ASIC boss warns of ‘risky’ crypto investments

ASIC boss warns of ‘risky’ crypto investments

The firm’s watchdog chief says he needs to protect customers, not be a crypto cheerleader, as he warns against investing in highly volatile and inherently dangerous commodities like bitcoins.

A day after the federal government announced its regulatory spotlight on cryptocurrencies, Australian Securities and Investments Commission Chairman Joseph Longo said one of the regulator’s top priorities would be to put investors on notice. consumers of the risks associated with the crypto investment space.

ASIC Chairman Joseph Longo said the cryptocurrency has captured the imagination, especially of young people.

ASIC chair Joseph Longo. Image: TASH SORENSEN

“My job is to be candid with the Australian people,” he said. Investing in cryptocurrencies “is a very risky and very volatile business, and you have to be very careful before you do it,” he said at a luncheon for the Economic Development Committee of the United States. Australia on Tuesday in Melbourne.

Longo said, “It’s not my job to be a crypto cheerleader; my job is to protect consumers and enforce the law. Blockchain technology has legitimate and beneficial applications, but it should not be confused with bitcoin and other cryptocurrencies.

According to ASIC research, 44% of investors surveyed held cryptocurrencies. A quarter of individuals indicated that cryptocurrency was their only investment.

Cryptocurrency, according to Longo, was a financial innovation full of promise, celebrity status and instability whose appeal among young people grew due to promises of returns and shrewd advertising. The value of crypto assets has shrunk by around US$2 trillion ($2.9 trillion) in the past few months.

“I think crypto has captured the imagination, especially for the younger generation who see crypto in almost ideological terms as a method of investing away from government authority and control, and they see that as an attraction. .”

Australia will be the first jurisdiction to track the amount, type and underlying code of various cryptocurrencies. It will symbolically map the Australian crypto asset market as the first step towards new regulation in a space where, according to the tax office, more than one million Australians have interacted with crypto assets since 2018.

The industry has urged the government to enact legislation that reduces risk for investors and transforms cryptocurrencies into an established and safer asset class. The former Liberal government drafted amendments last year, which are now being assessed and implemented by regulators and the Treasury.

Due to the complexity of cryptocurrency, controlling it would not be easy.

“I think we’re a long way from having a global consensus on what to do about crypto,” he said.

“We will need to design a framework that works for us, that works within our existing legal and regulatory arrangements.”

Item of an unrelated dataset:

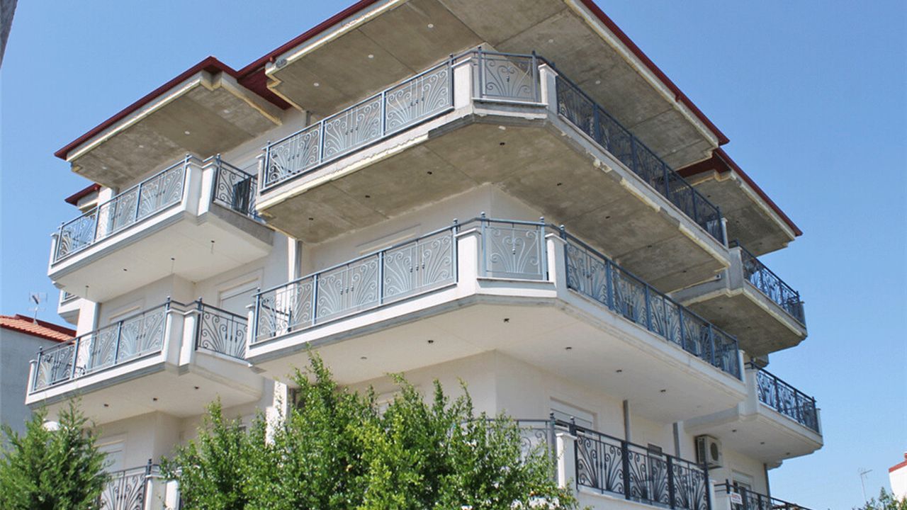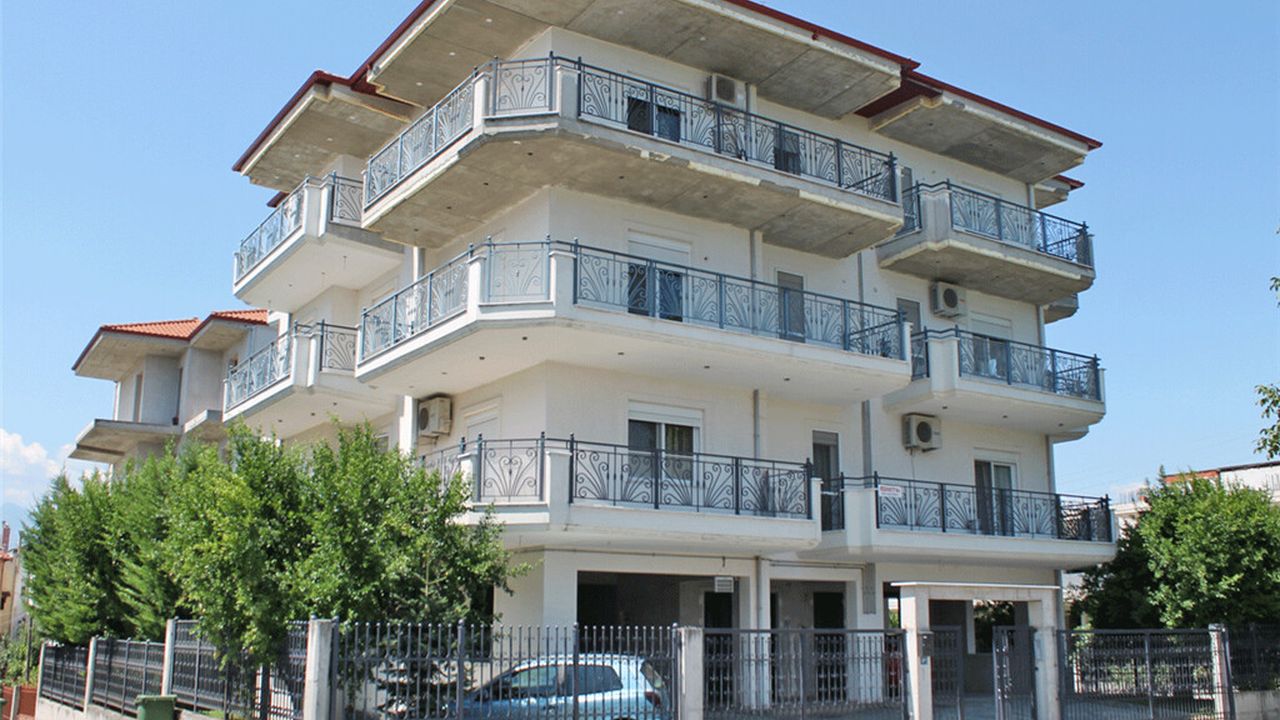 Продается четырехэтажное здание общей площадью 500 кв.м в городе Катерини. На цокольном этаже расположены парковочные места на 8 машин, первый этаж занимают складские помещения и 2 паркинга. Верхние 3 этажа владеют 6 квартирами разной планировки. Участок площадью 450 кв.м имеет угловое расположение. Здание владеет отоплением на дизельном топливе и располагает лифтом. Расстояние до центра города 10 минут хотьбы.
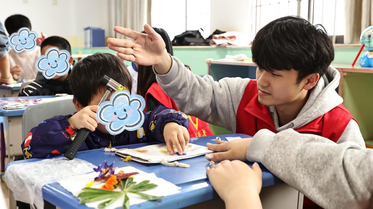 手工体验环节,孩子们在志愿者一对一陪伴下,用小花朵、小绿叶等花草拼出自己喜欢的图案,将春日草木的脉络与色彩定格在素色小布袋上,完成了一件件独一无二的专属手工作品。小朋友们紧紧拿着自己创作好的小布袋,小心翼翼地装入志愿者们提前准备好的甜蜜小糖果,脸上洋溢着纯真又满足的笑容,在动手创作中真切感受自然之美,释放童真活力。过程中,志愿者与孩子们亲切互动、轻声交流,用陪伴与耐心搭建起温暖的沟通桥梁,现场洋溢着欢声笑语与春日生机。

Longo made the remarks when ASIC outlined its medium-term intentions. These include cryptocurrency-related initiatives, cracking down on scams, and addressing concerns about greenwashing and sustainable finance.

Longo said that while ASIC intends to disrupt the operations of scammers, it looks like a cat-and-mouse game to track scammers and stay ahead of their more sophisticated strategies.

“They will always be with us. We will always have fraud in our society and horrible people doing terrible things. What has changed, I think, is what we call digital fraud,” he remarked.

This behavior has been supercharged by technology and has now crossed international borders. He said there was no one-size-fits-all solution.

“It’s like a form of pollution. There is no easy answer to this.